What you need to do:
Starting with the line that has "Все элементы лестницы" in the records below and ending with the line that has "При нажатии кнопки", output those lines exactly and nothing more; omit the pictures.

Dataset records:

____

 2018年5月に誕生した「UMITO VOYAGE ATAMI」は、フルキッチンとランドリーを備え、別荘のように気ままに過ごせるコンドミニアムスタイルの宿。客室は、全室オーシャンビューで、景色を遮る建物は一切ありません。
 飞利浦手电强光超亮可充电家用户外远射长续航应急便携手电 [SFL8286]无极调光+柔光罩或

____

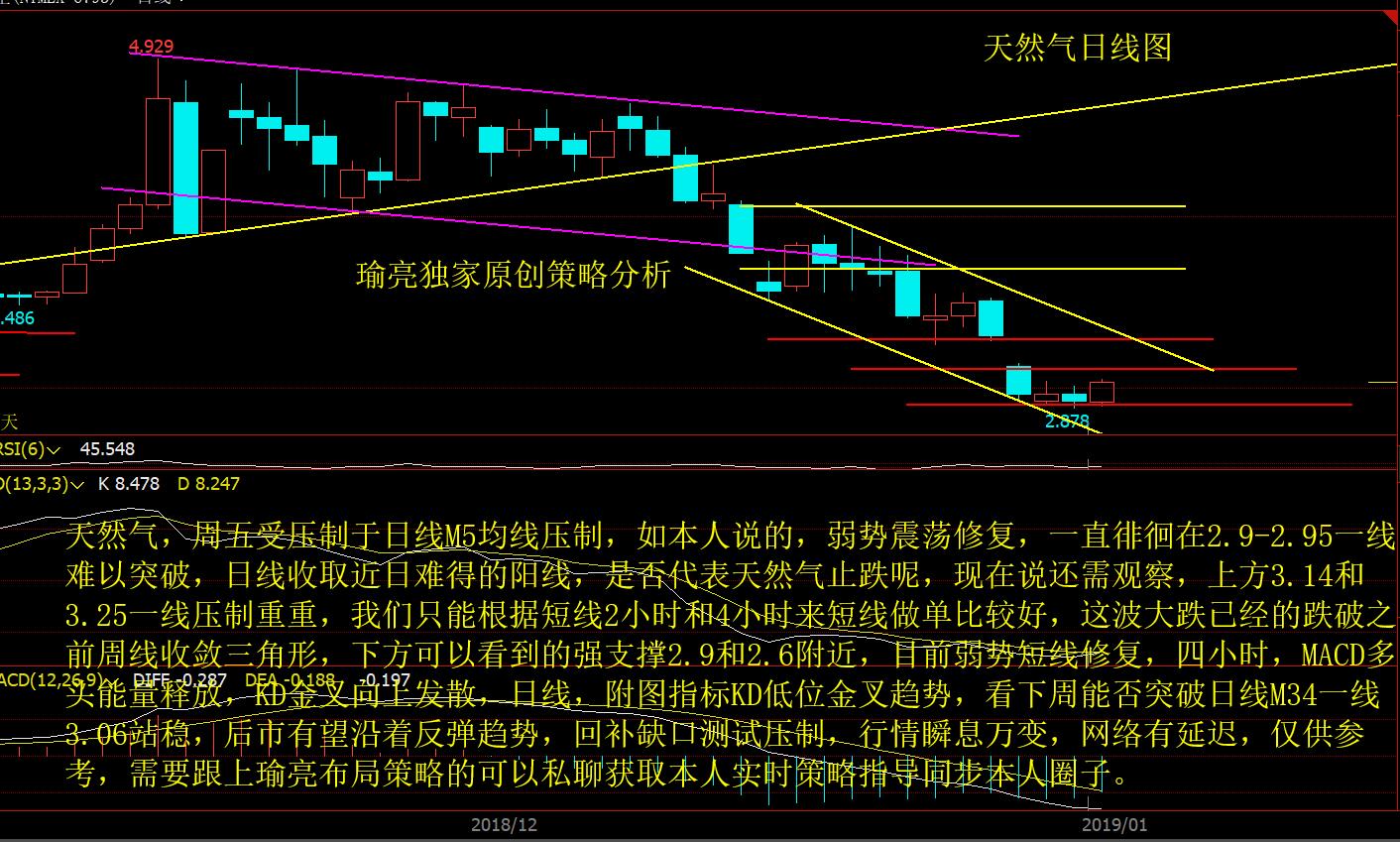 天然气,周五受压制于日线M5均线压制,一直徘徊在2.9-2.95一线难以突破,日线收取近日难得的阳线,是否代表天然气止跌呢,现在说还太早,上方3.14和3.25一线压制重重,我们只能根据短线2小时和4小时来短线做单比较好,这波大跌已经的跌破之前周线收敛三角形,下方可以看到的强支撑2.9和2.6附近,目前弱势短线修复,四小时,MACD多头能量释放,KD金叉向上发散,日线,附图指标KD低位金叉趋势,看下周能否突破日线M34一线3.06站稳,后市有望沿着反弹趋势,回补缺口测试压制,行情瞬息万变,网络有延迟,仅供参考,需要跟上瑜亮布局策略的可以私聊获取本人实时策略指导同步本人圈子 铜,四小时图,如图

____

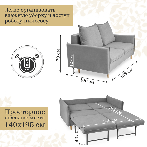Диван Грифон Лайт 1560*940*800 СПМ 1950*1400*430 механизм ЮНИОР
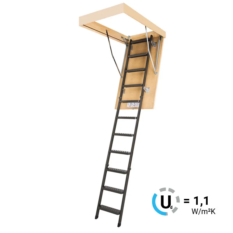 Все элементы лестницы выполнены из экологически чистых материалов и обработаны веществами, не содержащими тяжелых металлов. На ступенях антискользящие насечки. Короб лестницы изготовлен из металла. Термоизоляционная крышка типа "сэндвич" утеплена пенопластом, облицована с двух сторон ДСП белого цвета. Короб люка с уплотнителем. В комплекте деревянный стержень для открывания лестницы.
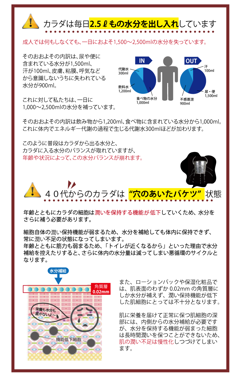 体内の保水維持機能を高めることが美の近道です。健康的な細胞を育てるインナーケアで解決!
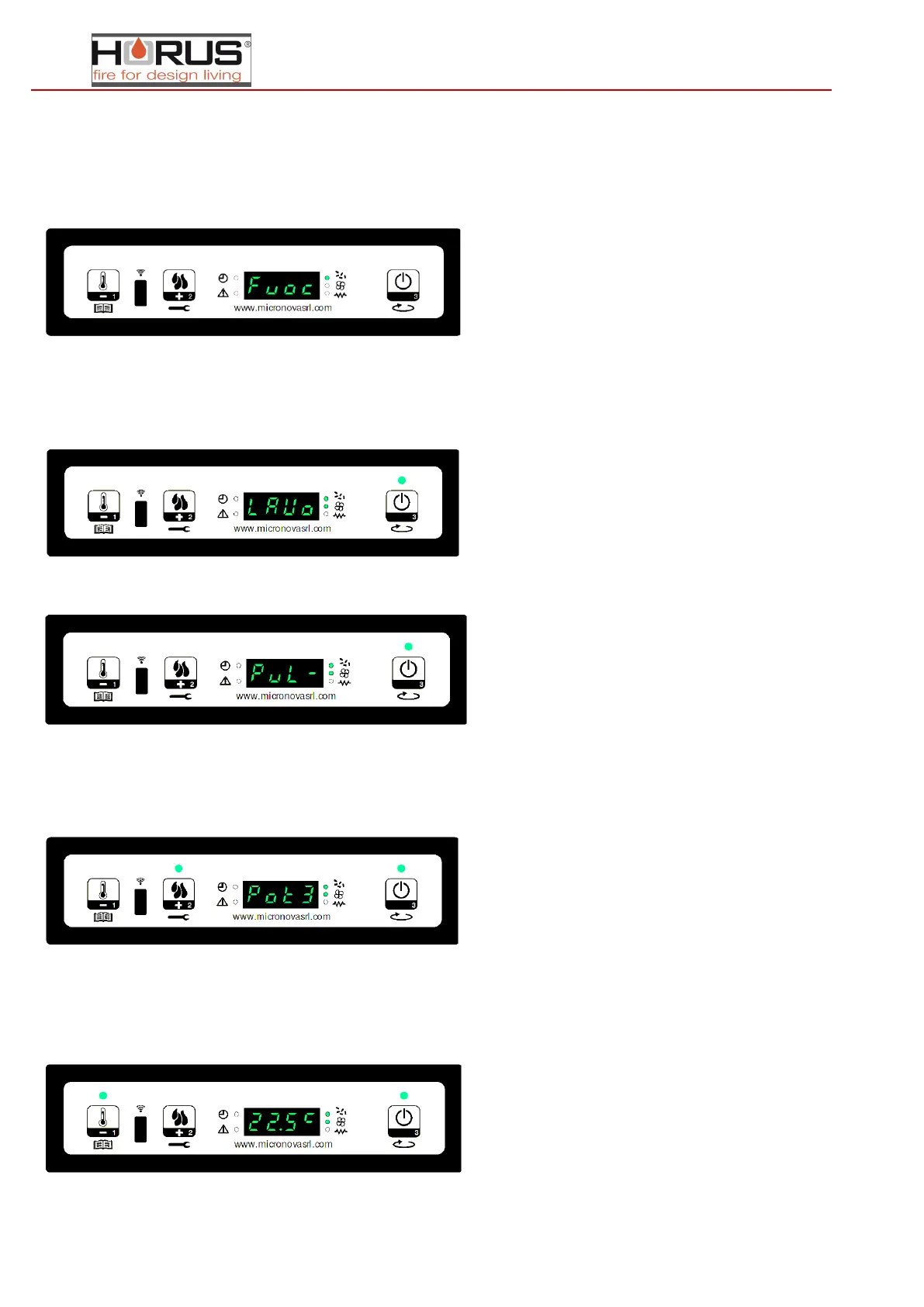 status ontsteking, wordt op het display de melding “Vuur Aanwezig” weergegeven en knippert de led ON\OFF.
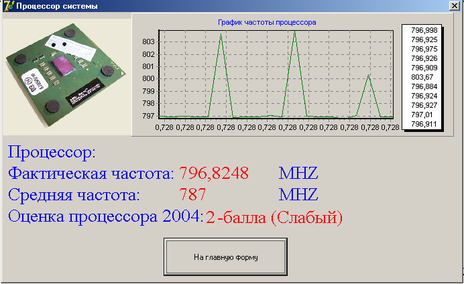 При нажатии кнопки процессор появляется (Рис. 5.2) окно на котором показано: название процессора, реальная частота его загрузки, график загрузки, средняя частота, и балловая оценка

____

Answer box:
 Все элементы лестницы выполнены из экологически чистых материалов и обработаны веществами, не содержащими тяжелых металлов. На ступенях антискользящие насечки. Короб лестницы изготовлен из металла. Термоизоляционная крышка типа "сэндвич" утеплена пенопластом, облицована с двух сторон ДСП белого цвета. Короб люка с уплотнителем. В комплекте деревянный стержень для открывания лестницы.
 体内の保水維持機能を高めることが美の近道です。健康的な細胞を育てるインナーケアで解決!
 status ontsteking, wordt op het display de melding “Vuur Aanwezig” weergegeven en knippert de led ON\OFF.
 При нажатии кнопки процессор появляется (Рис. 5.2) окно на котором показано: название процессора, реальная частота его загрузки, график загрузки, средняя частота, и балловая оценка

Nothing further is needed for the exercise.